Carmen: I´d like to draw attention to an issue that I find personally quite upsetting, as I´ve reported a number of accounts previously who have been abusing or harassing my friends or people I follow – including some of the accounts you´ve mentioned – but I´ve actually had to go onto the account and see all the horrific content before I could report it.

Phoebe: That’s another reason why I´m so hesitant to showcase it to people: because I can´t take an account down on my own, I have to then ask my community, followers, and friends, to help – but then everyone has to read it. And if it’s something like fatphobia or misogyny, and you have experienced this kind of abuse yourself, it just affects other people. Therefore, online abuse doesn´t just affect the person its directly intended for. 

Often in the reporting process on Twitter you have to select five tweets to get an account taken down. But no one wants to sit with that really, or have to read that – it’s so frustrating that now, we as a community online, have to sit down and do the work that we’re not really supposed to be doing?

Carmen: As you mentioned previously, because of the pandemic, everything is now online, so more people are going to be coming into contact with and experiencing harassment. Are there any resources you´d recommend, or any advice for someone reading this who is also experiencing online harassment?

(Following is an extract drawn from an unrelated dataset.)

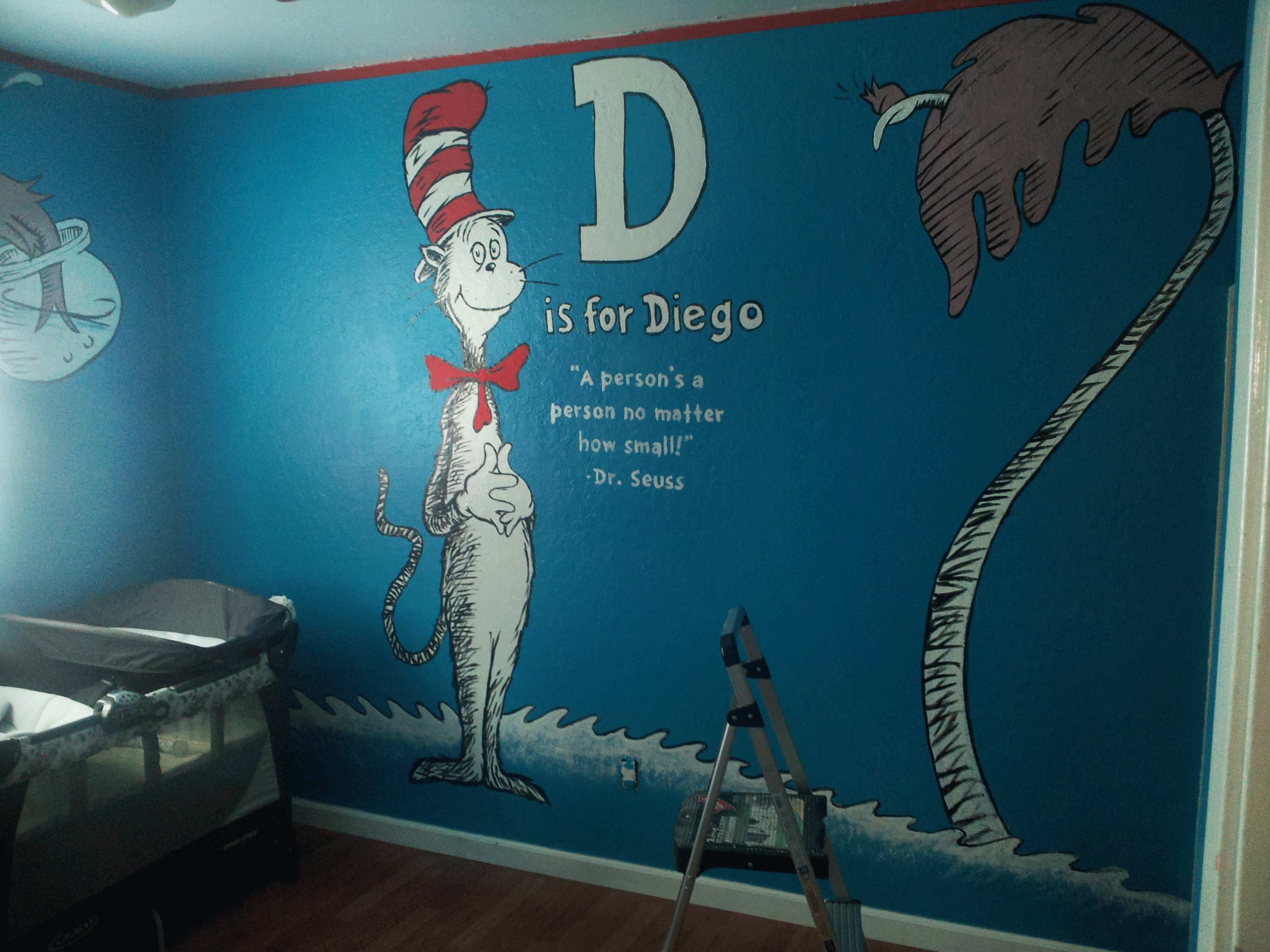 I painted this playful mural for a child’s bedroom, featuring a vibrant Dr. Seuss character standing proudly beside the phrase: “D is for Diego. A person's a person, no matter how small.” It was a joy to bring imagination, color, and a personal touch to a space meant for creativity and comfort.

Phoebe: I´m very sorry to say there´s actually not much out there, and I have looked very hard for something. Glitch UK are a wonderful organization and charity who do a lot of online work to make online spaces safe for people. If it’s something around sexual violence and sexual imagery – which I also have experience with – then I´m going to plug my own organization: The Speak Up Space are here to talk about that. We talk to people who experience cyber harassment, as well as public harassment. It´s hard, as there´s not really anything specific, and that’s part of the problem.

One thing I would say is, go to the police. If someone is inciting you to hurt yourself, or to violence, or creating slander, or harassing you, or abusing you online – it fits the description of a crime, and something will be done about it. It is valid abuse, and the aftermath of it is horrific. My stress levels have gone up, it has such an overwhelming effect. 

Carmen: I guess that’s why having these kinds of conversations are critical, because although we have cyberbullying talks at school, they´re not really in-depth? And we´re never taught how to respond at a practical level?

Phoebe: Yes, that’s exactly it. And because when cyberbullying happens in schools, it’s usually dealt with internally, it’s not an external issue. But sometimes you hear news stories about students who have ended their lives, and it just makes you wonder, how has this just been allowed by social media platforms and schools? 

Its lack of awareness as well, because it’s online people just tell you to block or go on private or censor yourself. That’s basically what they say, they tell you to censor yourself! And the whole point is, we shouldn’t have to! There’s so many factors to this, and I really think its something that has been generally neglected by our society as a whole, just because its online. But it doesn´t make me or anyone feel any safer. For example, if someone was to say some of these things to me in the street, they would be arrested. But as it’s online, it’s not taken seriously! 

Carmen: As you said, it’s a very complex and challenging issue. I think it’s very important to start having these conversations, and as you said before, it’s very tiring and overwhelming work! My final question is a bit different, but I was wondering if you had any hobbies or activities which help you unwind or take your mind off this involvement?

Phoebe: I do, and I would recommend to everyone doing a hobby or activity somewhere where people can´t comment: a safe space is very important! For example, I play bass, and it takes my mind off things – and I’m just there with the music, just playing. It brings me so much joy, as I love music! Just doing something you enjoy, no matter how silly that might be! Also, just dressing up in nice clothes, and watching films – especially during the pandemic, it’s quite nice to hear another voice in the room!